In the end, it left me with no choice. I just hard-coded the canvas size. This is the absolute shittiest solution in the planet if you ever want to do anything correctly, but I just lost it. Although there is a lot of very good information out there on the topic of mobile viewports (most of it thanks to PPK), I couldn’t find anything on having an element take up the whole screen consistently. I’m probably missing some really obvious option, but I just had had enough, and hard-coding an iPhone is “safe enough”, since there’s only one iPhone screen resolution (well, 2 really), and that’s not likely to change.

Fucking piece of shit phone.

var size = [320, 416]; // Default portrait
if (window.innerWidth > window.innerHeight) { size = [480, 270]; } // Default landspace

iPhone Homepage

Of course, if they bookmark your page in the homepage, then both the top and bottom bar disappear (due to the meta viewport), and you need to contemplate that as part of the hard-coding. Fortunately, there is a pretty property, if you know you’re on an iPhone:

if (window.navigator.standalone) {
	if (window.innerWidth < window.innerHeight) { size = [320, 480]; } // Fullscreen portrait
	else { size = [480, 320]; } // Fullscreen landscape

There’s also a bunch of nice things you can do to make the “homepage” experience better (better icon, splash screen, etc, etc)

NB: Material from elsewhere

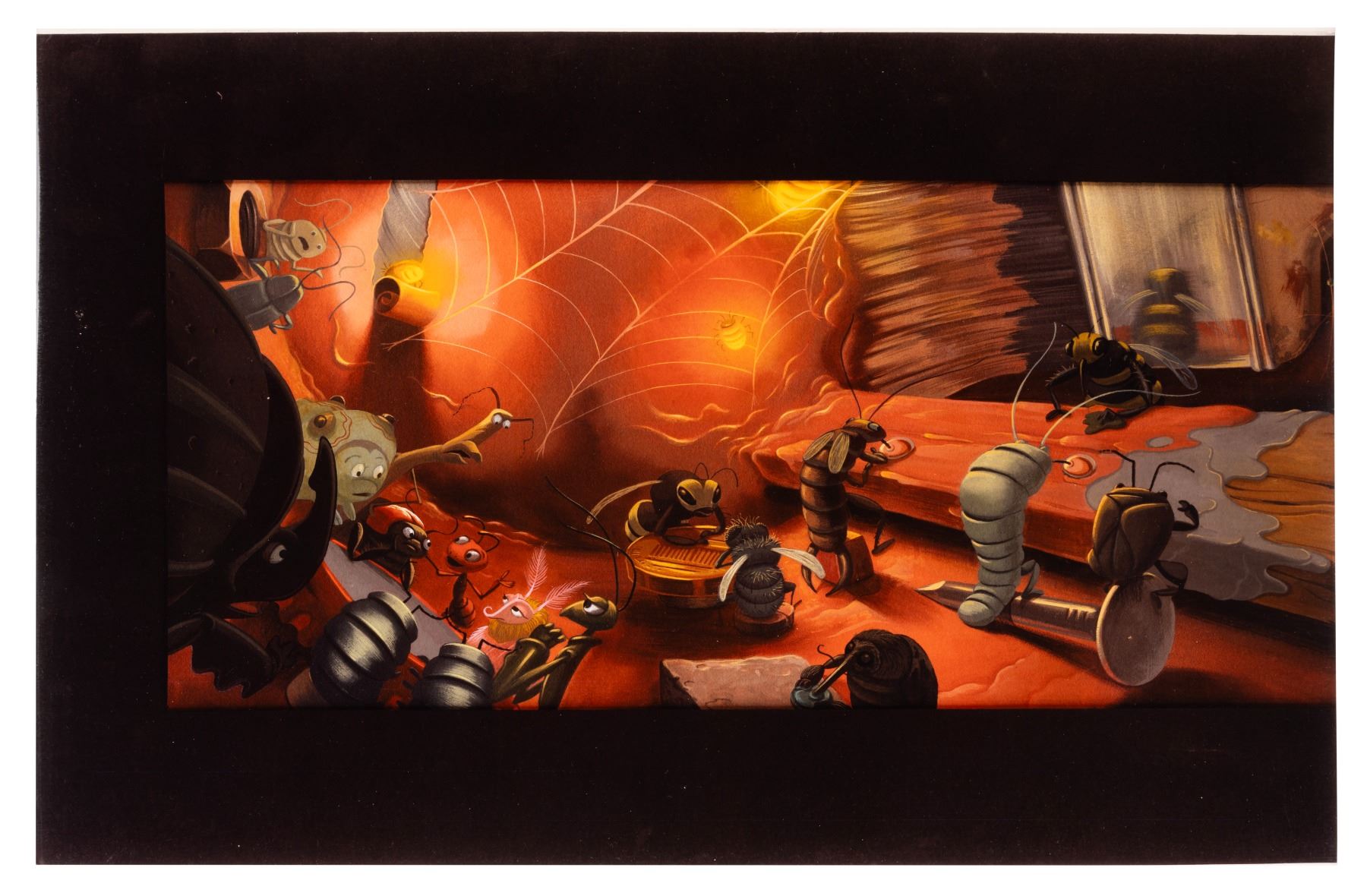 (Disney, 1990s) An original print of digital concept art from Pixar’s “A Bug's Life.” Featuring Flik and the circus bugs in a bar, the concept was created at the studio and printed in a limited quantity to be used during the development of the film and in pitch meetings. Measuring 11" x 17", the print displays in very good condition with light scratches and wear.

The big problem with the homepage is that it runs ridiculously slow, because of the whole “no Nitro if you’re outside the sandbox” issue.
There’s pretty much fuck-all you can do about that, especially since even using things like PhoneGap you’ll have the same problem. This is very, very, very bad. Nothing to add there, though.

Retina display

Finally, the iPhone 4 lies to you about the screen size (backward compatibility, blah blah), and tells you it’s NOT a retina display. And there’s no way to coerce it into having the right dimensions/proportion. HOWEVER, you can exploit the fact that a canvas “size” and its element’s size don’t need to be the same. In other words, you can have more pixels in the canvas than the DOM element takes, and the contents get basically stretched. Fortunately, the iPhone reacts beautifully when you do this, by using all its nice, tiny pixels. Also fortunately, we at least have window.devicePixelRatio to detect Retina…

elCanvas.width = size[0];
elCanvas.height = size[1]; = size[0] + 'px'; = size[1] + 'px';
if (window.devicePixelRatio > 1) {
	elCanvas.width = size[0] * 2;
	elCanvas.height = size[1] * 2;
	Viewport.screenScalingFactor = 2; // Notify the viewport that screen coordinates are wrong

That final line is to let my “screen coords to map coords” method know that all the coordinates it’ll get are wrong and it has to correct accordingly.

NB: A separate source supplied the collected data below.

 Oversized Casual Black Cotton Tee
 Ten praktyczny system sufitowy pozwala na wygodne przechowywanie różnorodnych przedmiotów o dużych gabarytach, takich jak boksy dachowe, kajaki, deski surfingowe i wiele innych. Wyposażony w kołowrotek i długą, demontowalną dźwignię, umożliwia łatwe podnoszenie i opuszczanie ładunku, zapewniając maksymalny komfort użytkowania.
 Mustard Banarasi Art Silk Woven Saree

So that’s it for today on mobile…
I can’t wait to get my hands on an iPad and see how bad it is…
Oh, and I need a non-HTC android to see how many of the things I call “Android” are just HTC specific.

The other big thing on phones is, obviously, performance. It’s horrendously slow right now (although faster than I would’ve expected before starting this whole project), but I have plans for that too.